• [The task] Can you reproduce the data beneath, keeping every line exact?

- - -

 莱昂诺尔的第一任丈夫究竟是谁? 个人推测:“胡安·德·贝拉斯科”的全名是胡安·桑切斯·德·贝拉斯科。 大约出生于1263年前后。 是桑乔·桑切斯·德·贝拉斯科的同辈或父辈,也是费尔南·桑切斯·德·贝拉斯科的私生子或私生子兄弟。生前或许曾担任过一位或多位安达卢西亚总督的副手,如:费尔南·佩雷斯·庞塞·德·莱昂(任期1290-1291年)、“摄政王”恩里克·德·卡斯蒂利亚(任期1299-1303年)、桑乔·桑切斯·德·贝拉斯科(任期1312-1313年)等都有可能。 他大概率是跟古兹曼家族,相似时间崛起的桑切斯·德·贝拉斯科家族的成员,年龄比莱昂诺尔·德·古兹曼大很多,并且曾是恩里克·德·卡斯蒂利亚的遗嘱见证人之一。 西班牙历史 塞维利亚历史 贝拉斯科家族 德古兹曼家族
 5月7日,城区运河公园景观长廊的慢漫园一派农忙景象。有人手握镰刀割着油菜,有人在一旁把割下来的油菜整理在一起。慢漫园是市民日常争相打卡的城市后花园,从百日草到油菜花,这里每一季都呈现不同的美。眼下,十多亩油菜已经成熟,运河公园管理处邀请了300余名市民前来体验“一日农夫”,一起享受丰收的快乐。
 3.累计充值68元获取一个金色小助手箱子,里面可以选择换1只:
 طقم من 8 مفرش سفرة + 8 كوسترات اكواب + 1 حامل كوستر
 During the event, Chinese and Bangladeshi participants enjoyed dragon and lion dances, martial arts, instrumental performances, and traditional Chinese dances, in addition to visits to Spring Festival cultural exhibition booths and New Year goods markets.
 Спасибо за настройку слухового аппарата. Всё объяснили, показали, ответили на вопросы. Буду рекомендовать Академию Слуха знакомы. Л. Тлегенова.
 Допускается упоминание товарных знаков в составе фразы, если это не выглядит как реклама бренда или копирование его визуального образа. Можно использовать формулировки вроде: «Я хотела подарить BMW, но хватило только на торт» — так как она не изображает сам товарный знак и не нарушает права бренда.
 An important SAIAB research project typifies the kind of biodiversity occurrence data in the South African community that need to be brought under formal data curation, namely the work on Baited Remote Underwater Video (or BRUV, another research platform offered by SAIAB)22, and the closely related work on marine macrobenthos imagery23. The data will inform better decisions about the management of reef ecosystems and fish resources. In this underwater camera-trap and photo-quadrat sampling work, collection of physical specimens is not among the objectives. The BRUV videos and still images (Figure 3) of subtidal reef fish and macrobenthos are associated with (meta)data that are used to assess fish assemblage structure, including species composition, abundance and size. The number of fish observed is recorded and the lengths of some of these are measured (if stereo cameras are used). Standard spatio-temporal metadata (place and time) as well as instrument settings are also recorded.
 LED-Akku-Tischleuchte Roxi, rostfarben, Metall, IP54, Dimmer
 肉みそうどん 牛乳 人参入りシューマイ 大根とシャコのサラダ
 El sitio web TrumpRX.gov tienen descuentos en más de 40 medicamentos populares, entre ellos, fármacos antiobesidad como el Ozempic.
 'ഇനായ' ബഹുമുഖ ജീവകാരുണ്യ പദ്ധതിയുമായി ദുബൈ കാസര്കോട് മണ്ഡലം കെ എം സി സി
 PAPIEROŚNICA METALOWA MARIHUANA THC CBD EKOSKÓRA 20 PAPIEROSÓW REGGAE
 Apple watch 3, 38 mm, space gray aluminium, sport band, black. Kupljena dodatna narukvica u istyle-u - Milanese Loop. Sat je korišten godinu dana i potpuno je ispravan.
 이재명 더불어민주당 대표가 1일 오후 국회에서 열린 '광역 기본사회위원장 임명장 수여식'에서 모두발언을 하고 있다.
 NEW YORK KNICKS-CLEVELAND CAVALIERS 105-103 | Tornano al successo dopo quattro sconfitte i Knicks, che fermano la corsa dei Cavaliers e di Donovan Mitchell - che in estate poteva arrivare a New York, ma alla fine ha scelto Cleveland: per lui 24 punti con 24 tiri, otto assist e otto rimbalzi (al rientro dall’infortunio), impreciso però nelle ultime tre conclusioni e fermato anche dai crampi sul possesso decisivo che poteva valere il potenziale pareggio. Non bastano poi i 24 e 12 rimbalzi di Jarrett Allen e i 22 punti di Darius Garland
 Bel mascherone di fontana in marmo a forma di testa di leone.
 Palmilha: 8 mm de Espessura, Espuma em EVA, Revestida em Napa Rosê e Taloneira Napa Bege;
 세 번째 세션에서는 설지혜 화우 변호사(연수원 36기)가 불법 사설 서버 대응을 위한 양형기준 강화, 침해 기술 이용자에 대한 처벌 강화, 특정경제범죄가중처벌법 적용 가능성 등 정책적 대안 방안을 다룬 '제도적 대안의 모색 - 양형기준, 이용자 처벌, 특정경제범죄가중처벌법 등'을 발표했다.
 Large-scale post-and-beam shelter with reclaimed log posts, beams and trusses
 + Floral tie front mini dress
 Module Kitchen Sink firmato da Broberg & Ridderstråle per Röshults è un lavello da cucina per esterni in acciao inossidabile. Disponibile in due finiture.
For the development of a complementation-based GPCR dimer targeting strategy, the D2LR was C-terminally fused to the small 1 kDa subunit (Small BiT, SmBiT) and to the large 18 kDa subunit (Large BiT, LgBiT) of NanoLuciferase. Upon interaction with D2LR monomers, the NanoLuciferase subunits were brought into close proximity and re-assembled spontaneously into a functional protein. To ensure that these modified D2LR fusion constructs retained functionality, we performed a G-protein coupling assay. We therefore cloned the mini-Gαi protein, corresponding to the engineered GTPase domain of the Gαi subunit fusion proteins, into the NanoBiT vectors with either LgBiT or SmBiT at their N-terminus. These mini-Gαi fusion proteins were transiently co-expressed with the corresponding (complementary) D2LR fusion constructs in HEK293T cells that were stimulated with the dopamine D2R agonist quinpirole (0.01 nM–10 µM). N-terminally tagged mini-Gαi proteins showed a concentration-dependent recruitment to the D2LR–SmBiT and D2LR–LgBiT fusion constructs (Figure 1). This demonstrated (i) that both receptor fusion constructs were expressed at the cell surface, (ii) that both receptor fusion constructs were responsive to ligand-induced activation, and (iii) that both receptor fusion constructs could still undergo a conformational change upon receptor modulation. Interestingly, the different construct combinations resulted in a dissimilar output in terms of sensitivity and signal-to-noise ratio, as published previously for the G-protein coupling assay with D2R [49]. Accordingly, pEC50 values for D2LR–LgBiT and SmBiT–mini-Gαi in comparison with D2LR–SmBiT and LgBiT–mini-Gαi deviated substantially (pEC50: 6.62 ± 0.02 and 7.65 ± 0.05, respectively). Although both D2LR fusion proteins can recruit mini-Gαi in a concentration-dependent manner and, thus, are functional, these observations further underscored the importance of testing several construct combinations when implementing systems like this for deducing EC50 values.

- - -

• [Problem solution]
 莱昂诺尔的第一任丈夫究竟是谁? 个人推测:“胡安·德·贝拉斯科”的全名是胡安·桑切斯·德·贝拉斯科。 大约出生于1263年前后。 是桑乔·桑切斯·德·贝拉斯科的同辈或父辈,也是费尔南·桑切斯·德·贝拉斯科的私生子或私生子兄弟。生前或许曾担任过一位或多位安达卢西亚总督的副手,如:费尔南·佩雷斯·庞塞·德·莱昂(任期1290-1291年)、“摄政王”恩里克·德·卡斯蒂利亚(任期1299-1303年)、桑乔·桑切斯·德·贝拉斯科(任期1312-1313年)等都有可能。 他大概率是跟古兹曼家族,相似时间崛起的桑切斯·德·贝拉斯科家族的成员,年龄比莱昂诺尔·德·古兹曼大很多,并且曾是恩里克·德·卡斯蒂利亚的遗嘱见证人之一。 西班牙历史 塞维利亚历史 贝拉斯科家族 德古兹曼家族
 5月7日,城区运河公园景观长廊的慢漫园一派农忙景象。有人手握镰刀割着油菜,有人在一旁把割下来的油菜整理在一起。慢漫园是市民日常争相打卡的城市后花园,从百日草到油菜花,这里每一季都呈现不同的美。眼下,十多亩油菜已经成熟,运河公园管理处邀请了300余名市民前来体验“一日农夫”,一起享受丰收的快乐。
 3.累计充值68元获取一个金色小助手箱子,里面可以选择换1只:
 طقم من 8 مفرش سفرة + 8 كوسترات اكواب + 1 حامل كوستر
 During the event, Chinese and Bangladeshi participants enjoyed dragon and lion dances, martial arts, instrumental performances, and traditional Chinese dances, in addition to visits to Spring Festival cultural exhibition booths and New Year goods markets.
 Спасибо за настройку слухового аппарата. Всё объяснили, показали, ответили на вопросы. Буду рекомендовать Академию Слуха знакомы. Л. Тлегенова.
 Допускается упоминание товарных знаков в составе фразы, если это не выглядит как реклама бренда или копирование его визуального образа. Можно использовать формулировки вроде: «Я хотела подарить BMW, но хватило только на торт» — так как она не изображает сам товарный знак и не нарушает права бренда.
 An important SAIAB research project typifies the kind of biodiversity occurrence data in the South African community that need to be brought under formal data curation, namely the work on Baited Remote Underwater Video (or BRUV, another research platform offered by SAIAB)22, and the closely related work on marine macrobenthos imagery23. The data will inform better decisions about the management of reef ecosystems and fish resources. In this underwater camera-trap and photo-quadrat sampling work, collection of physical specimens is not among the objectives. The BRUV videos and still images (Figure 3) of subtidal reef fish and macrobenthos are associated with (meta)data that are used to assess fish assemblage structure, including species composition, abundance and size. The number of fish observed is recorded and the lengths of some of these are measured (if stereo cameras are used). Standard spatio-temporal metadata (place and time) as well as instrument settings are also recorded.
 LED-Akku-Tischleuchte Roxi, rostfarben, Metall, IP54, Dimmer
 肉みそうどん 牛乳 人参入りシューマイ 大根とシャコのサラダ
 El sitio web TrumpRX.gov tienen descuentos en más de 40 medicamentos populares, entre ellos, fármacos antiobesidad como el Ozempic.
 'ഇനായ' ബഹുമുഖ ജീവകാരുണ്യ പദ്ധതിയുമായി ദുബൈ കാസര്കോട് മണ്ഡലം കെ എം സി സി
 PAPIEROŚNICA METALOWA MARIHUANA THC CBD EKOSKÓRA 20 PAPIEROSÓW REGGAE
 Apple watch 3, 38 mm, space gray aluminium, sport band, black. Kupljena dodatna narukvica u istyle-u - Milanese Loop. Sat je korišten godinu dana i potpuno je ispravan.
 이재명 더불어민주당 대표가 1일 오후 국회에서 열린 '광역 기본사회위원장 임명장 수여식'에서 모두발언을 하고 있다.
 NEW YORK KNICKS-CLEVELAND CAVALIERS 105-103 | Tornano al successo dopo quattro sconfitte i Knicks, che fermano la corsa dei Cavaliers e di Donovan Mitchell - che in estate poteva arrivare a New York, ma alla fine ha scelto Cleveland: per lui 24 punti con 24 tiri, otto assist e otto rimbalzi (al rientro dall’infortunio), impreciso però nelle ultime tre conclusioni e fermato anche dai crampi sul possesso decisivo che poteva valere il potenziale pareggio. Non bastano poi i 24 e 12 rimbalzi di Jarrett Allen e i 22 punti di Darius Garland
 Bel mascherone di fontana in marmo a forma di testa di leone.
 Palmilha: 8 mm de Espessura, Espuma em EVA, Revestida em Napa Rosê e Taloneira Napa Bege;
 세 번째 세션에서는 설지혜 화우 변호사(연수원 36기)가 불법 사설 서버 대응을 위한 양형기준 강화, 침해 기술 이용자에 대한 처벌 강화, 특정경제범죄가중처벌법 적용 가능성 등 정책적 대안 방안을 다룬 '제도적 대안의 모색 - 양형기준, 이용자 처벌, 특정경제범죄가중처벌법 등'을 발표했다.
 Large-scale post-and-beam shelter with reclaimed log posts, beams and trusses
 + Floral tie front mini dress
 Module Kitchen Sink firmato da Broberg & Ridderstråle per Röshults è un lavello da cucina per esterni in acciao inossidabile. Disponibile in due finiture.
For the development of a complementation-based GPCR dimer targeting strategy, the D2LR was C-terminally fused to the small 1 kDa subunit (Small BiT, SmBiT) and to the large 18 kDa subunit (Large BiT, LgBiT) of NanoLuciferase. Upon interaction with D2LR monomers, the NanoLuciferase subunits were brought into close proximity and re-assembled spontaneously into a functional protein. To ensure that these modified D2LR fusion constructs retained functionality, we performed a G-protein coupling assay. We therefore cloned the mini-Gαi protein, corresponding to the engineered GTPase domain of the Gαi subunit fusion proteins, into the NanoBiT vectors with either LgBiT or SmBiT at their N-terminus. These mini-Gαi fusion proteins were transiently co-expressed with the corresponding (complementary) D2LR fusion constructs in HEK293T cells that were stimulated with the dopamine D2R agonist quinpirole (0.01 nM–10 µM). N-terminally tagged mini-Gαi proteins showed a concentration-dependent recruitment to the D2LR–SmBiT and D2LR–LgBiT fusion constructs (Figure 1). This demonstrated (i) that both receptor fusion constructs were expressed at the cell surface, (ii) that both receptor fusion constructs were responsive to ligand-induced activation, and (iii) that both receptor fusion constructs could still undergo a conformational change upon receptor modulation. Interestingly, the different construct combinations resulted in a dissimilar output in terms of sensitivity and signal-to-noise ratio, as published previously for the G-protein coupling assay with D2R [49]. Accordingly, pEC50 values for D2LR–LgBiT and SmBiT–mini-Gαi in comparison with D2LR–SmBiT and LgBiT–mini-Gαi deviated substantially (pEC50: 6.62 ± 0.02 and 7.65 ± 0.05, respectively). Although both D2LR fusion proteins can recruit mini-Gαi in a concentration-dependent manner and, thus, are functional, these observations further underscored the importance of testing several construct combinations when implementing systems like this for deducing EC50 values.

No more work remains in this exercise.